Neural Networks Reduction via Lumping
Dalila Ressi, Riccardo Romanello, Sabina Rossi, Carla Piazza

TL;DR
This paper introduces a novel neural network reduction method based on lumpability, enabling neuron pruning without data or fine-tuning while preserving exact behavior, bridging network compression and formal verification techniques.
Contribution
It proposes a formal lumpability-based pruning approach that reduces neurons without retraining, connecting network compression with Markov chain verification concepts.
Findings
Reduces network size without data or fine-tuning.
Preserves exact network behavior after reduction.

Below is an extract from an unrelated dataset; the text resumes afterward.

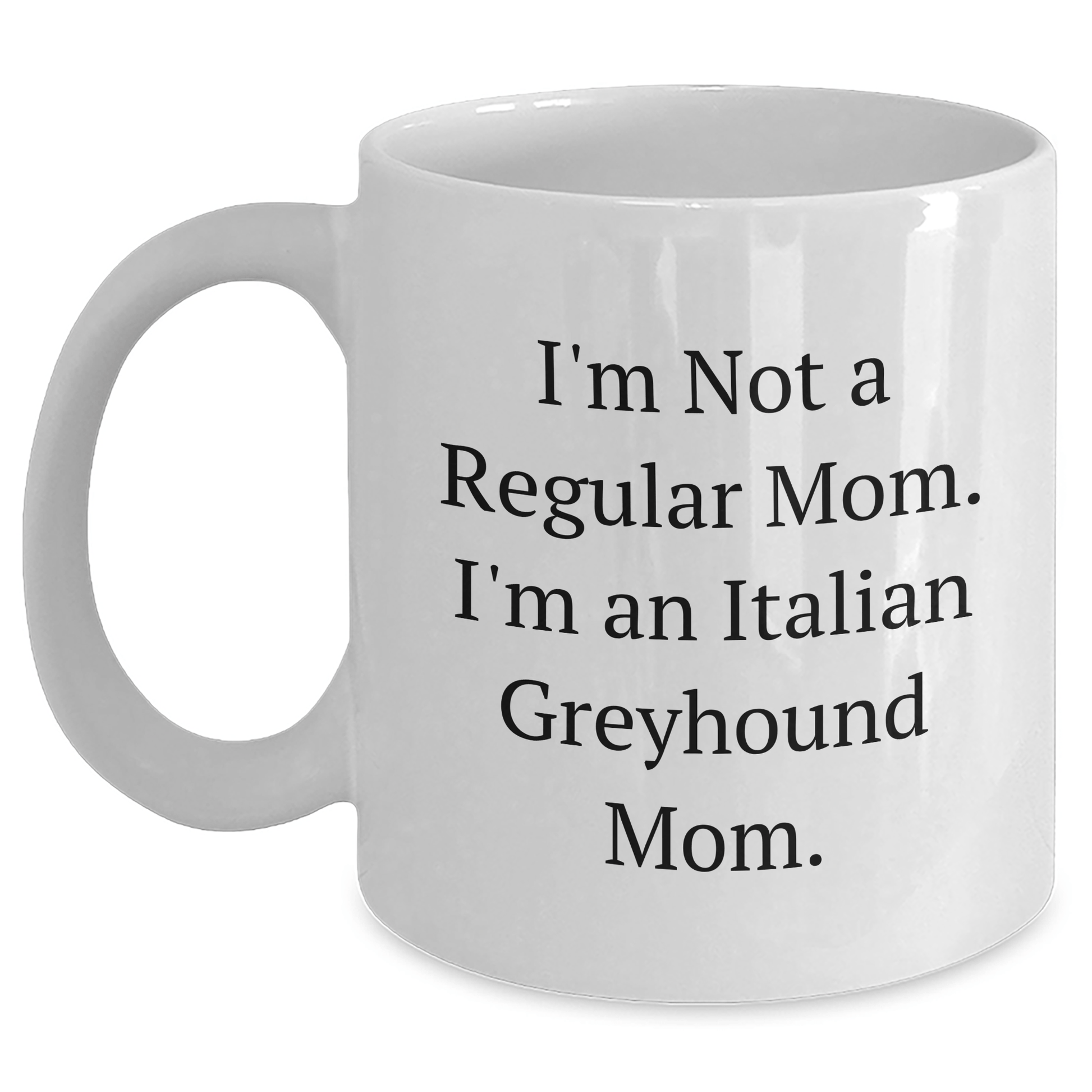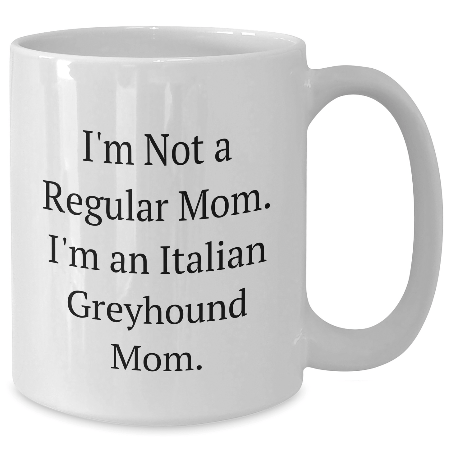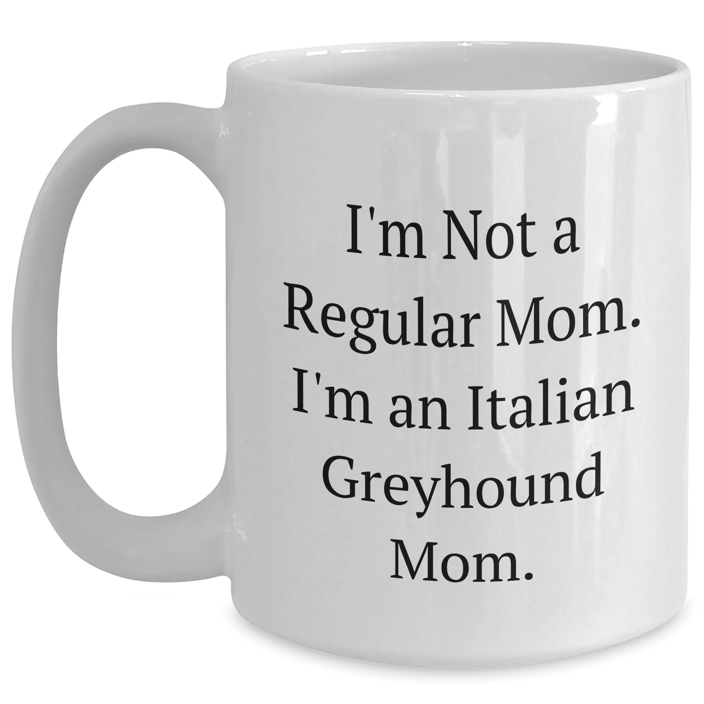 This funny quote 'I'm Not A Regular Mom. I'm An Italian Greyhound Mom.' is sure to bring a smile to the face of the Italian Greyhound Dog mom in your life. Whether it's for a graduation, a birthday, or just because, this White Coffee Mug is sure to be a hit.

Provides formal explanation for common reduction techniques.
Abstract
The increasing size of recently proposed Neural Networks makes it hard to implement them on embedded devices, where memory, battery and computational power are a non-trivial bottleneck. For this reason during the last years network compression literature has been thriving and a large number of solutions has been been published to reduce both the number of operations and the parameters involved with the models. Unfortunately, most of these reducing techniques are actually heuristic methods and usually require at least one re-training step to recover the accuracy. The need of procedures for model reduction is well-known also in the fields of Verification and Performances Evaluation, where large efforts have been devoted to the definition of quotients that preserve the observable underlying behaviour. In this paper we try to bridge the gap between the most popular and very effective…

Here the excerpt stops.